Dr. Corinne Masur
In late August and early September when schools finally decided about how they were going to open, many of them then passed the decision making on to parents: in school, out of school, or hybrid?
How were parents supposed to decide?
There were so many factors: what is possible for our family given our work and child care situations? What is safest for our family? What do our children want? What do we want for our children?
Parents had to weigh one important aspect of their children’s wellbeing against another. These were impossible choices. What was more important, caution in the face of COVID, the children’s social needs, or the financial needs of the family? In some cases, parents had to choose between their own jobs and becoming distance learning aids. In other cases, parents had no choice: they had to work so their children just had to go back to school.
One mother called me for advice. She had two sons, one in first grade and one in fourth. She was very worried about the children being exposed to COVID for two reasons. One son had a respiratory vulnerability and secondly, the children’s grandfather had recently had cancer and was immunocompromised following a transplant. What if they went to school, were exposed to COVID and then exposed him either directly or indirectly?
On the other hand, she wanted her children to be able to build relationships with their new teachers and classmates.
As a person who likes to make her decisions carefully and in an informed way, she felt overwhelmed both by too much information and too little.

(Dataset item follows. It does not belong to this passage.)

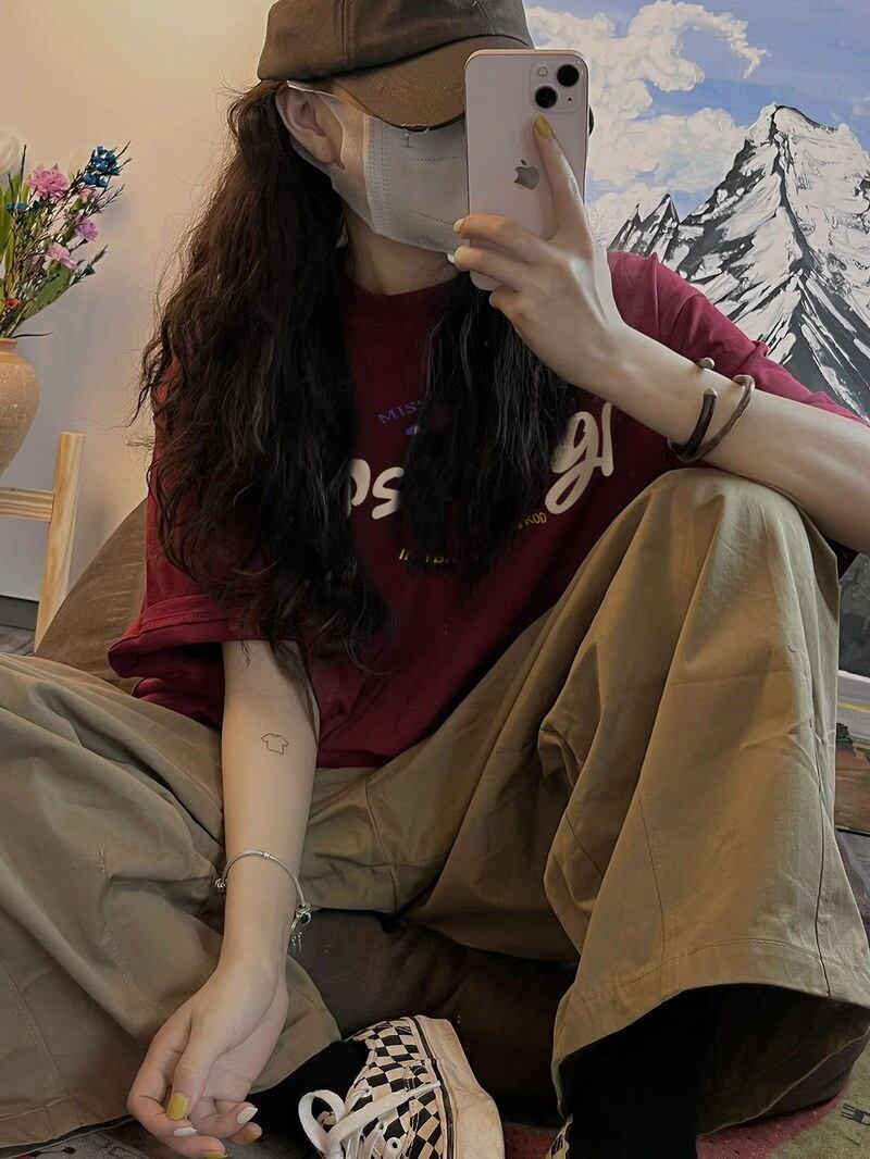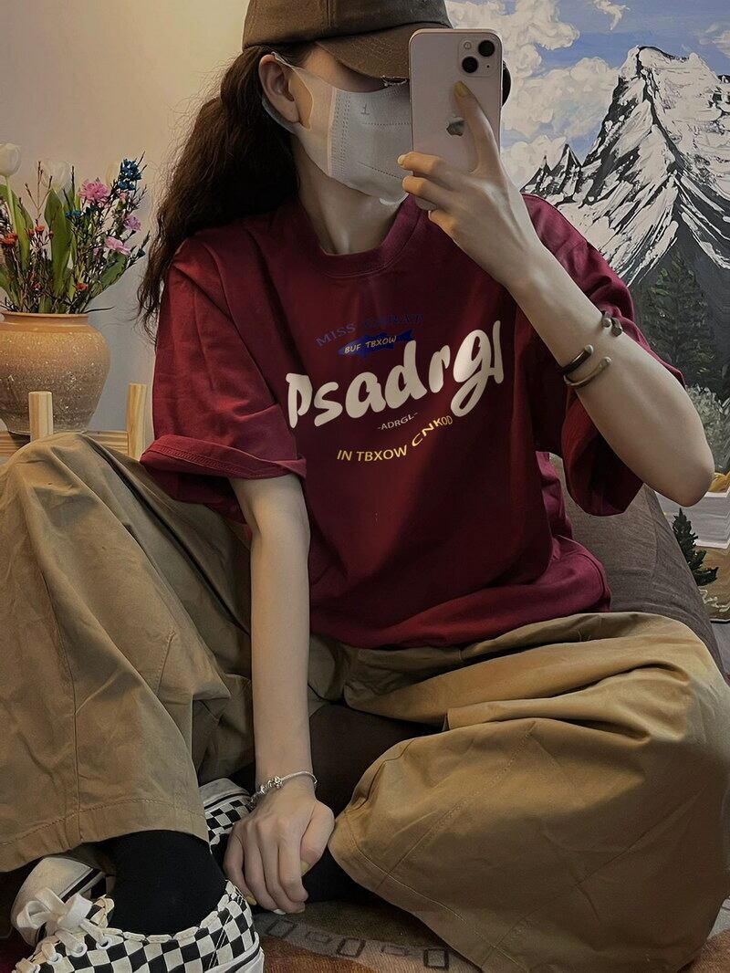 ワインレッドコットン半袖Tシャツレディース夏アメリカンレトロ香港風デザインセンスミドル丈ショルダーラウンドネックトップ サマー 夏物 Oネック 7460094033506027 | framboise21

By late summer, we knew a great deal more about the transmission of COVID than we had in March at the beginning of the pandemic. This mother understood how COVID is transmitted and as a result, what the school would need to do to keep children and staff safe. They would have to provide good ventilation and air exchange inside the building and they would also need to provide the possibility for having as many classes outdoors as possible. But her particular school was not giving parents information about their HVAC system and they did not have a plan in place for outdoor learning. When this mom went over to look at the school, they only had one small tent standing – which of course would be totally insufficient for the hundreds of children attending school in the fall.
What were they planning for outdoor learning, anyway? And what would they do on rainy days? She could not get answers. And through a friend she heard that the school had told one parent that if they had so many questions, they should just do the at home option – as if these questions were not the school’s responsibility to answer!
This mother had enjoyed a feeling of connectedness with her children’s school and now she felt isolated and alone. As the deadline loomed for making her decision, she learned that very few parents in either of her son’s grades had chosen the at-home schooling option. Why did so many parents feel it was safe to send their children to school when she did not? She wished she could ask them.
This is what went through this mother’s mind: if her children got COVID, she would be the one to take care of them as her husband simply would not be able to take time off from work; she would have to quit her job or take a leave. If she got COVID, she had no idea who would take care of the children. If the virus was transmitted to her mother either through her (this mom’s) infection or her children’s, she would be the one who would have to take care of her ill father – thus necessitating her quitting or taking a leave from her work. If her younger son got COVID he might be at risk for the more severe complications of the illness given his respiratory vulnerability.
She thought about the decision a great deal. She stayed up nights wondering what she should choose. She discussed this with her husband, with her friends, with her family. She received all sorts of input – both conflicting and agreeing with her own thoughts. And in the end, she felt that her family was just too vulnerable.
The risks of illness were too great for this mother. She decided on doing school from home. She altered her work schedule and began being her children’s distance learning aid. Her older son was okay some of the time but at other moments, he hated the arrangement. He screamed and cried and melted down. Her younger son was fine with online school. And this mother? Well, she felt stressed, wondering every single day of the new school year if she had made the right decision.